Through this work, Andrea Benucci and colleagues at the RIKEN CBS in Japan have developed a way to create artificial neural networks that can reportedly learn to recognise objects faster and more accurately.

Despite making constant head and eye movements throughout the day, objects in the world do not blur or become unrecognisable, even though the physical information hitting human retinas changes constantly. 

What likely makes this perceptual stability possible are neural copies of the movement commands. These copies are sent throughout the brain each time humans move, and are thought to allow the brain to account for people’s own movements and keep perception stable.

In addition to stable perception, evidence suggests that eye movements, and their motor copies, might also help people to stably recognise objects in the world, but how this happens remains a mystery. 
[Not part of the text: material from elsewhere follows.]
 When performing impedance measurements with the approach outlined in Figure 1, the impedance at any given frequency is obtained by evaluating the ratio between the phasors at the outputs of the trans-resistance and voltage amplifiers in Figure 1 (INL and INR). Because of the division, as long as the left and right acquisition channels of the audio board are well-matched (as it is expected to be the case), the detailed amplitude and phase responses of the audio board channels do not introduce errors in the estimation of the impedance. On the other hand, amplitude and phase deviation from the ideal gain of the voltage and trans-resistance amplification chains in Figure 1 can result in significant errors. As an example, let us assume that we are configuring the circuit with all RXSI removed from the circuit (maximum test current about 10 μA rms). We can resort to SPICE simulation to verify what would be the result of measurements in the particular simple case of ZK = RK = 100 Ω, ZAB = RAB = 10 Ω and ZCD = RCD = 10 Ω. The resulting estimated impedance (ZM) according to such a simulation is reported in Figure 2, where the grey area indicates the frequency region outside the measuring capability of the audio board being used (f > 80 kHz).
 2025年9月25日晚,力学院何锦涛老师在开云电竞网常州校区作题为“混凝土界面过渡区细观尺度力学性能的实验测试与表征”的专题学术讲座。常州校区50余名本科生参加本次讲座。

Benucci developed a convolutional neural network (CNN) that offers a solution to this problem. The CNN was designed to optimise the classification of objects in a visual scene while the eyes are moving.
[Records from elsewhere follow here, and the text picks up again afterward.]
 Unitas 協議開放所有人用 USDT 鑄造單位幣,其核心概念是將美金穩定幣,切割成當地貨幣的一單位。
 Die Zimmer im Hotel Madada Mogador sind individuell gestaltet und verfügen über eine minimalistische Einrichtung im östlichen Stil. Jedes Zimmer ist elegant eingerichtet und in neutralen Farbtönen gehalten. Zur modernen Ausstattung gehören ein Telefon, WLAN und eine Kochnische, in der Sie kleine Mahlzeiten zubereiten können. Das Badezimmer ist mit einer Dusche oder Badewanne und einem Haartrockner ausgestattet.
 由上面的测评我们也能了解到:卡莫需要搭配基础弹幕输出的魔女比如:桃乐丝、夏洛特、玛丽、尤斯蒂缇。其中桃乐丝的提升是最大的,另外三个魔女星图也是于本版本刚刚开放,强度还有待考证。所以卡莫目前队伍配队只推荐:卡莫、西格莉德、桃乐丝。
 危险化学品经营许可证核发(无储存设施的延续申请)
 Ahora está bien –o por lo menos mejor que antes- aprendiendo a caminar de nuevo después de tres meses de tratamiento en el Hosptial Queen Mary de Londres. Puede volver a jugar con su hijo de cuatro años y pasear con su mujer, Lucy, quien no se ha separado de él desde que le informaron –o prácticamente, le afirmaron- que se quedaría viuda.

According to researchers, the network was first trained to classify 60,000 black and white images into ten categories. Although it performed well on these images, when tested with shifted images that mimicked naturally altered visual input that would occur when the eyes move, performance dropped drastically to chance level. 

However, classification improved significantly after training the network with shifted images, as long as the direction and size of the eye movements that resulted in the shift were also included, researchers confirmed.

In particular, adding the eye movements and their motor copies to the network model allowed the system to better cope with visual noise in the images.

“This advancement will help avoid dangerous mistakes in machine vision,” said Benucci. “With more efficient and robust machine vision, it is less likely that pixel alterations — also known as ‘adversarial attacks’— will cause, for example, self-driving cars to label a stop sign as a light pole, or military drones to misclassify a hospital building as an enemy target.”

Benucci added that the benefits of mimicking eye movements and their efferent copies implies that ‘forcing’ a machine-vision sensor to have controlled types of movements, while informing the vision network in charge of processing the associated images about the self-generated movements, would make machine vision more robust and akin to what is experienced in human vision.

Next steps will involve collaboration with colleagues working with neuromorphic technologies. Researchers said the idea is to implement actual silicon-based circuits based on the principles highlighted in the study, and test whether they improve machine-vision capabilities in real world applications.